I am having a hard time figuring this one out. Maybe you can help me.
Problem statement:
Imagine there is a system that records financial transactions of an account (like a wallet service). Transactions are stored in a database and each Transaction denotes an increase or decrease of the balance of a given amount.
On the application code side, when the User wants to purchase, all Transactions for his account are being pulled from the DB and the current balance is calculated.
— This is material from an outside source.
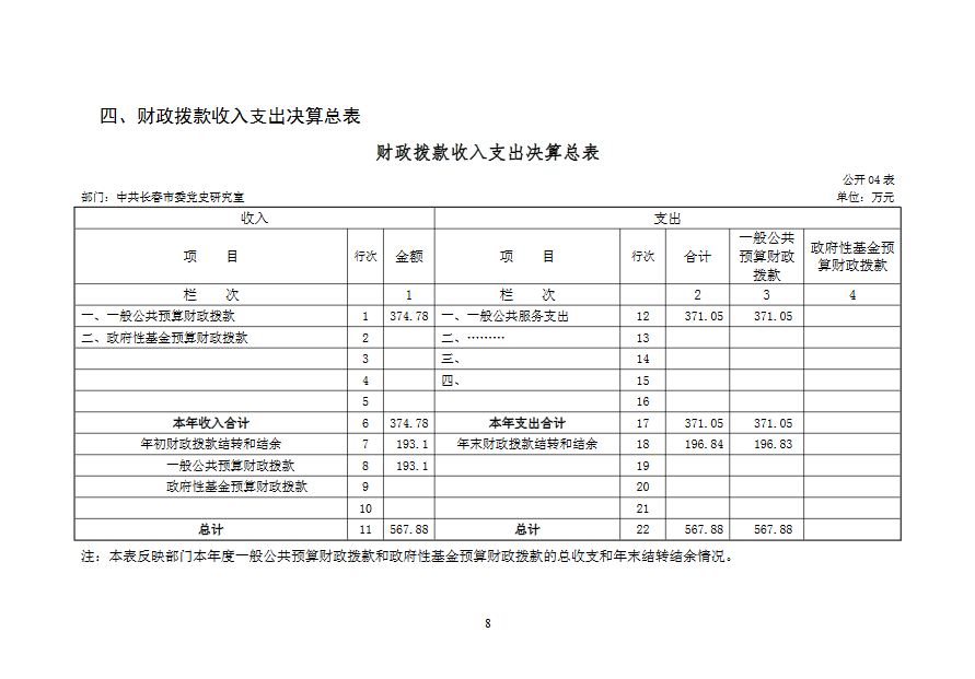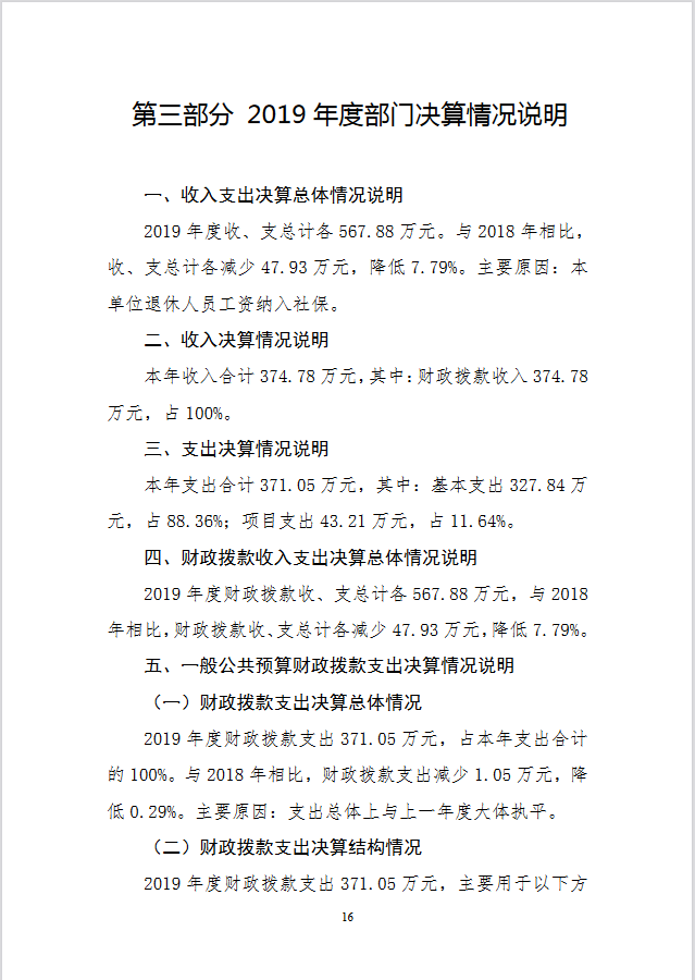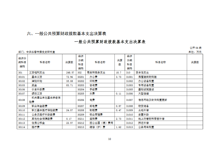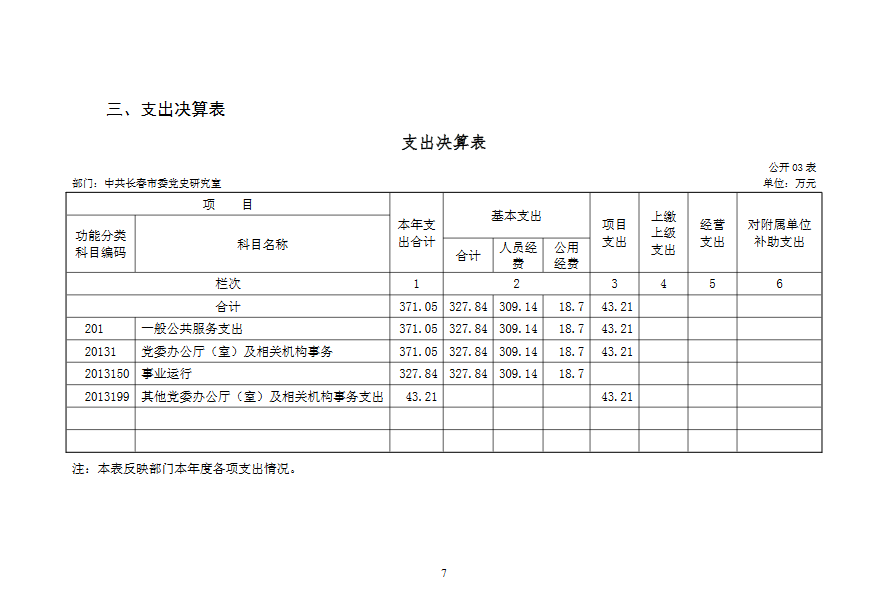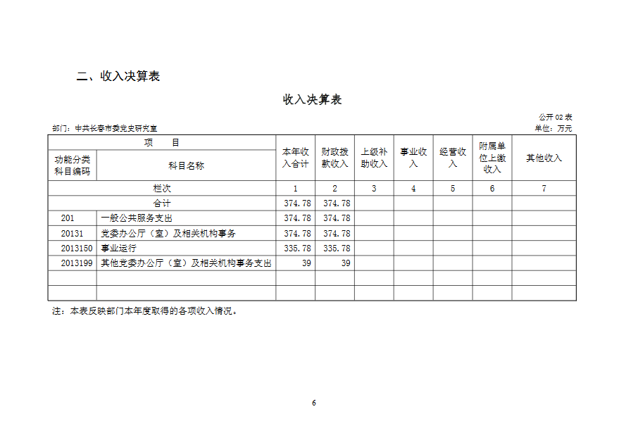 2019 年度 中共长春市委党史研究室部门决算
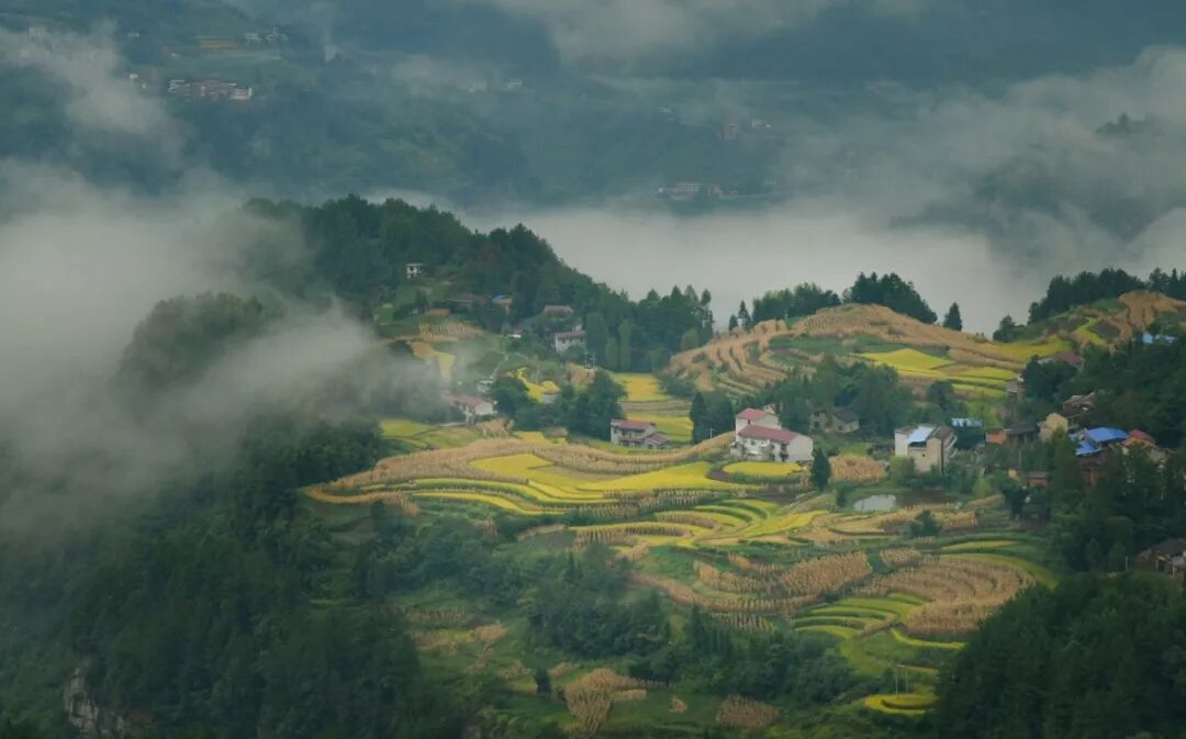 2018-09-14,湖北利川。长坪的梯田隐现于云雾之间,在秋收的季节显得格外迷人。作者:吴琼

Based on the result, the customer has or has not sufficient funds for the purchase (the balance can never go below zero).
Transactions example:
ID userId amount currency, otherData
Transaction(12345, 54321, 180, USD, ...)
Transaction(12346, 54321, -50, USD, ...)
Transaction(12347, 54321, 20, USD, ...)
Those 3 from above would mean the User has 150 USD on his balance.
Concurrent access:
Now, imagine there are 2 or more instances of such application. Imagine, the User has a balance of 100 USD and bought two items worth of 100 USD at the same time. Request for such a purchase goes to two different instances, which both read all Transactions from DB and reduce them into currentBalance. In both replicas, at the same time balance equals to 100 USD. Both services allow purchase and add new Transaction Transaction(12345, 54321, -100, USD, ...) which decreases the balance by 100.
If there are two, contradictory Transactions inserted into the DB, the balance is incorrect: -100 USD.
Question:
How should I deal with such a situation?
I know that usually optimistic or pessimistic concurrency control is used. So here are my doubts about both:
Optimistic concurrency
It's about keeping the version of the resource and comparing it before the actual update, like a CAS operation. Since Transactions are a form of events - immutable entities - there is no resource which version I could grasp. I do not update anything. I only insert new changes to the balance, which has to be consistent with all other existing Transactions.
Pessimistic concurrency
It's about locking the table/page/row for modification, in case they more often happen in the system. Yeah, ok.. blocking a table/page for each insert is off the table I think (scalability and high load concerns). And locking rows - well, which rows do I lock? Again, I do not modify anything in the DB state.
Open ideas
My feeling is, that this kind of problem has to be solved on the application code level. Some, yet vague ideas that come to my mind now:
- Distributed cache, which holds "lock of given User", so that only one Transaction can be processed at a time (purchase, deposit, withdrawal, refund, anything).
- Each Transaction has having field such as
previousTransactionId- pointer to the last committed Transaction and some kind of unique index on this field (exactly one Transaction can point to exactly one Transaction in the past, first Transaction ever havingnullvalue). This way I'd get constraint violation error trying to insert a duplicate. - Asynchronous processing with queueing system, and having a topic-per-user: exactly one instance processing Transactions for given User one-by-one. Nice try, but unfortunatelly I need to be synchronous with the purchase in order to reply to 3rd party system.
One thing to note is that typically there's a per-entity offset (a monotonically increasing number, e.g.
Account|12345|6789could be the 6789th event for account #12345) associated with each event. Thus, assuming the DB in which you're storing events supports it, you can get optimistic concurrency control by remembering the highest offset seen when reconstructing the state of that entity and conditioning the insertion of events on there not being events for account #12345 with offsets greater than 6789.There are datastores which support the idea of "fencing": only one instance is allowed to publish events to a particular stream, which is another way to optimistic concurrency control.
There are approaches which move pessimistic concurrency control into the application/framework/toolkit code. Akka/Akka.Net (disclaimer: I am employed by Lightbend, which maintains and sells commercial support for one of those two projects) has cluster sharding, which allows multiple instances of an application to coordinate ownership of entities between themselves. For example instance A might have account 12345 and instance B might have account 23456. If instance B receives a request for account 12345, it (massively simplifying) effectively forwards the request to instance A which enforces that only request for account 12345 is being processed at a time. This approach can in some way be thought of as a combination of 1 (of note: this distributed cache is not only providing concurrency control, but actually caching the application state (e.g. the account balance and any other data useful for deciding if a transaction can be accepted) too) and 3 (even though it's presenting a synchronous API to the outside world).
Additionally, it is often possible to design the events such that they form a conflict-free replicated data type (CRDT) which effectively allows forks in the event log as long as there's a guarantee that they can be reconciled. One could squint and perhaps see bank accounts allowing overdrafts (where the reconciliation is allowing a negative balance and charging a substantial fee) as an example of a CRDT.